Work order = Please output the line containing "FRQ 21 TOPAZ" and all lines that follow it in the data below, exactly, with no pictures.

Material for this exercise section start

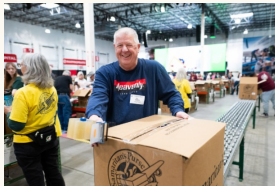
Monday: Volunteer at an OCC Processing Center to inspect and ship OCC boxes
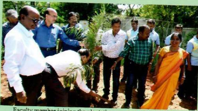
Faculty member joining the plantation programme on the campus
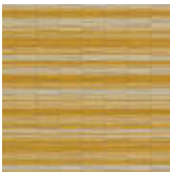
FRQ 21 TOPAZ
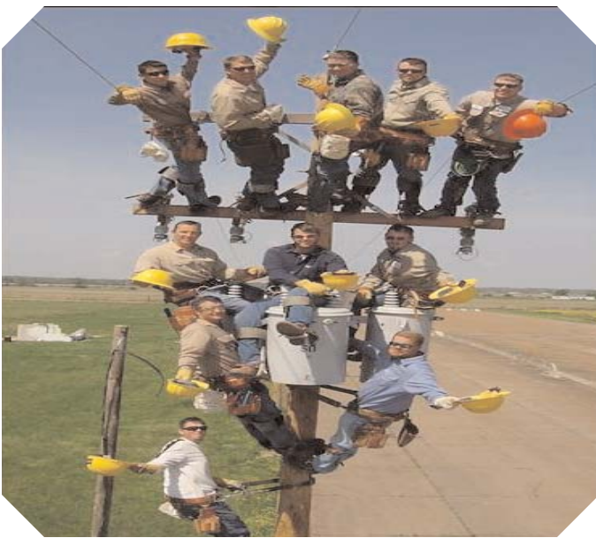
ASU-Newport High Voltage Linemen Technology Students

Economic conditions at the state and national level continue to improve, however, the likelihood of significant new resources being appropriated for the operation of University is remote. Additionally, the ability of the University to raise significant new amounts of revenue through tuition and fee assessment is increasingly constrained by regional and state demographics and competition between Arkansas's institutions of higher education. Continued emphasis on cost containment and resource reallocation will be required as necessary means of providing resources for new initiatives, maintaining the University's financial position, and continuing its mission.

Material for this exercise section end

Answer box =
FRQ 21 TOPAZ
ASU-Newport High Voltage Linemen Technology Students

Economic conditions at the state and national level continue to improve, however, the likelihood of significant new resources being appropriated for the operation of University is remote. Additionally, the ability of the University to raise significant new amounts of revenue through tuition and fee assessment is increasingly constrained by regional and state demographics and competition between Arkansas's institutions of higher education. Continued emphasis on cost containment and resource reallocation will be required as necessary means of providing resources for new initiatives, maintaining the University's financial position, and continuing its mission.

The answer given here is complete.